合肥厂房安全检测鉴定专业办理单位
很多顾客都会经常问到一个问题,标准厂房的承受重量是多少?那么严格讲是活荷载,如果货物长期堆放,且不移动的话,在堆放时轻拿轻放,可以考虑按恒荷载衡量能否放置此重量的货物,如若移动,则必须按活荷载考虑。若按一般厂房设计楼板能承受标准荷载是3.5kn/m2。厂房放置设备,要看放置设备本身重量及设备运行频率产生的动荷载决定,同时建议提供结施图及设备安装资料.经结构工程师计算审核后方可做出决定。
根据检测得出的系统偏差,在通过计算,确定是否需要对楼板承重系统进行处理,进而通过理论计算分析提出建议,保证厂房结构的安全稳定。

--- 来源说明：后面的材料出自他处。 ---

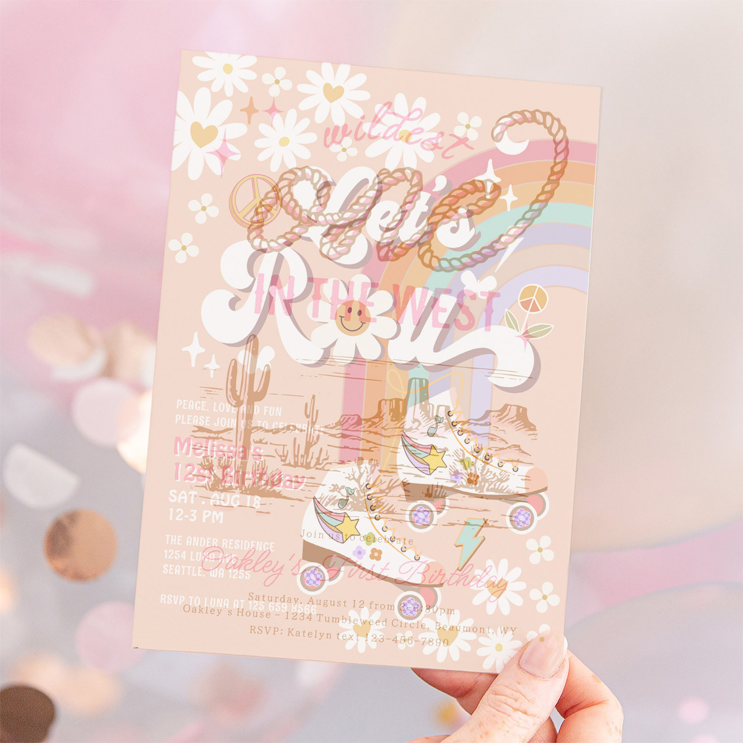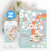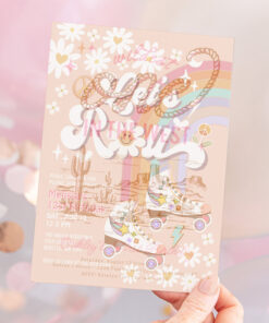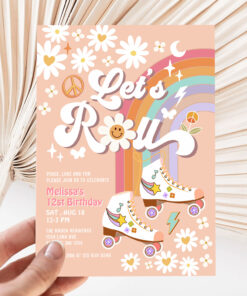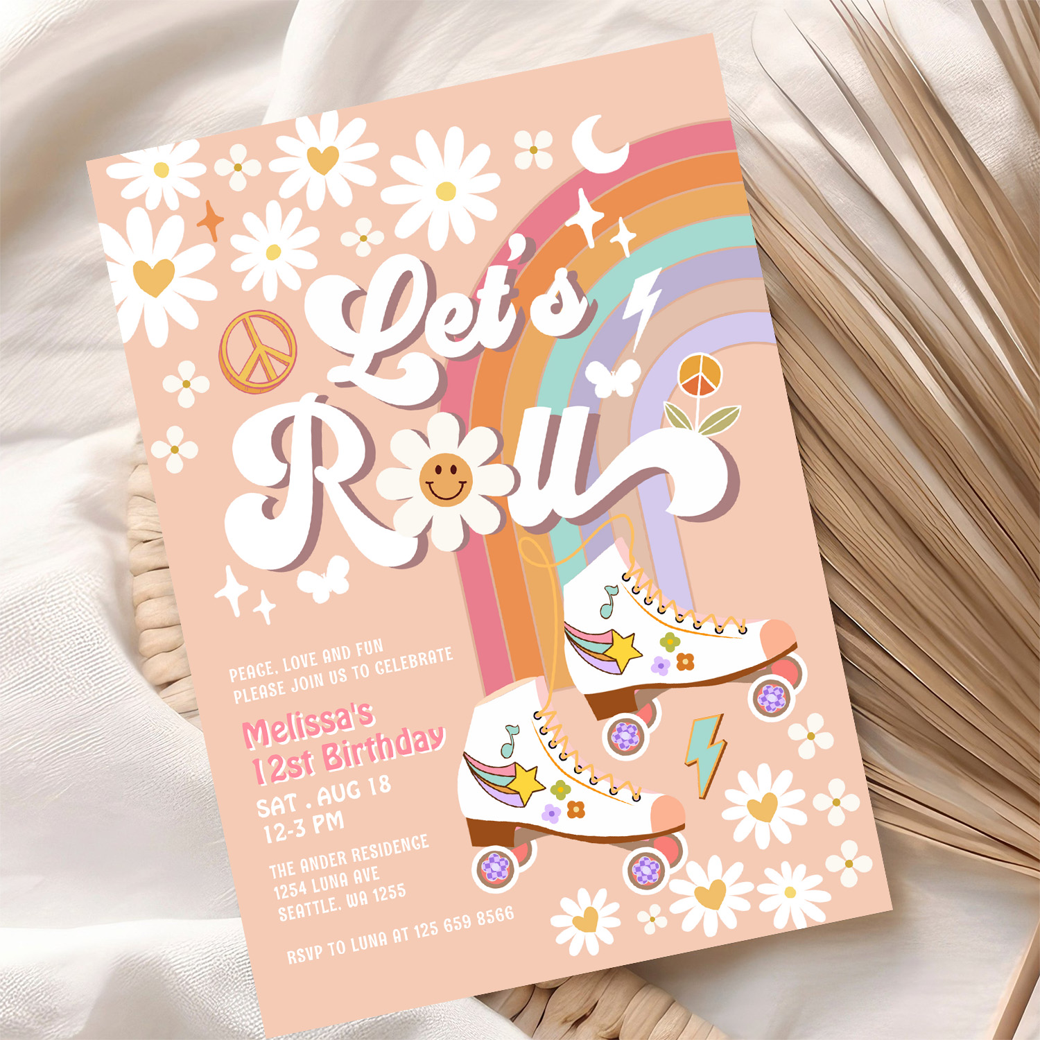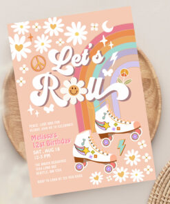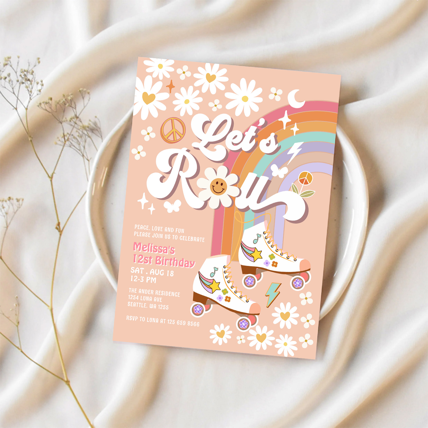 Lets Roll Retro Groovy Roller Skate Daisy Birthday Invitation - Related products

Many customers often ask a : what is the weight of astandard factory building? So strictly speaking is a live load. Ifthe goods are stacked for a long time and do not move, they can betaken lightly when stacking, and the weight can be measured byconstant load. If they move, it is necessary to consider the liveload. According to the general plant design, the floor canwithstand standard load of 3.5kn/m2. Plant placement e on the dynamic load on the weight of the e itselfand the operating frequency of the e. At the same time, itis recommended to provide the data of the drawing and installationof the e. The decision can be made by the structuralengineer.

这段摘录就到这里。